Kepolisian Kenya memang sering dilaporkan oleh kelompok pembela HAM karena dinilai menyalahgunakan kekuatannya, terutama di kawasan miskin.
WHO Peringatkan Bahaya Gelombang Kedua
Juru bicara WHO, Margaret Harris, mengatakan, episentrum pandemi virus corona saat ini masih berada di seluruh benua Amerika, dengan kasus tertinggi di dunia berada di Amerika Serikat.

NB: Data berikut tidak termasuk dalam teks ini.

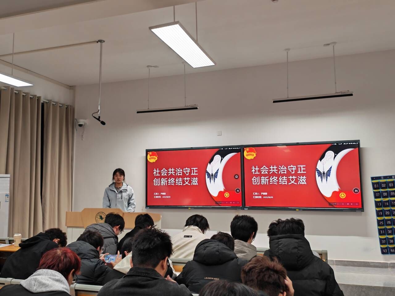 班会开始,团支书尹麒蓉以“社会共治,守正创新,终结艾滋”为载体,结合青少年认知特点与校园场景,从艾滋病基础知识、传播途径、防治方法到社会共治意义,系统讲解了防艾关键要点。
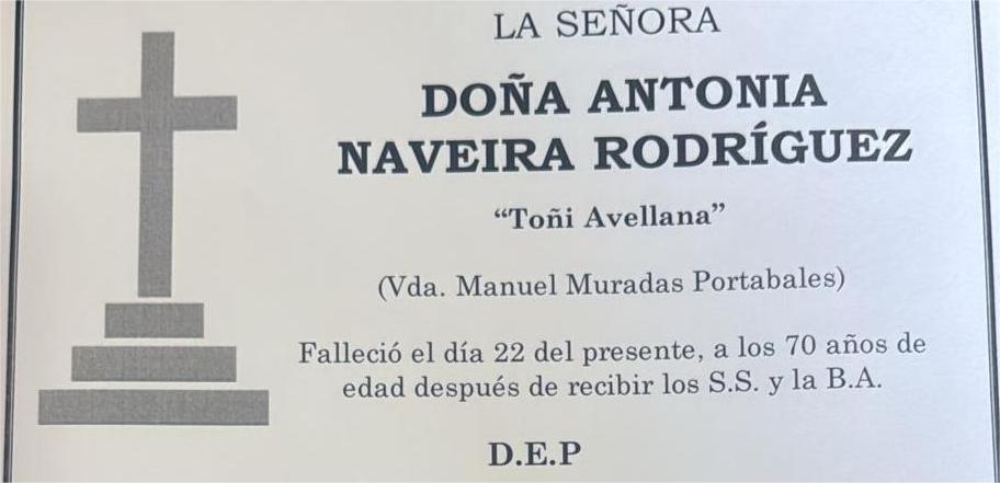 La funeraria LA FE comunica el fallecimiento hoy, día 22 de julio, de doña ANTONIA NAVEIRA RODRÍGUEZ cuyos restos mortales permanecerán en el ...

WHO mengingatkan agar pemerintah tidak menganggap penurunan kasus sebagai akhir pandemi. "Ini belum selesai. Itu belum berakhir sampai tidak ada virus di mana pun di dunia," tegasnya.
Arab Saudi Tambah Lockdown di Jeddah untuk Dua Pekan
Jeddah kembali menerapkan lockdown selama dua pekan. Hal ini berdasarkan kebijakan Kementerian Kesehatan Arab Saudi yang menyatakan bahwa pemberlakuan lockdown didasarkan atas kajian epidemiologi.
"Setelah meninjau situasi epidemiologi dan meningkatnya angka okupansi pada fasilitas kesehatan, diputuskan untuk mengambil tindakan pencegahan kesehatan yang ketat di Kota Jeddah selama dua minggu," kata Kementerian Kesehatan Saudi dilansir AFP, Sabtu (6/6).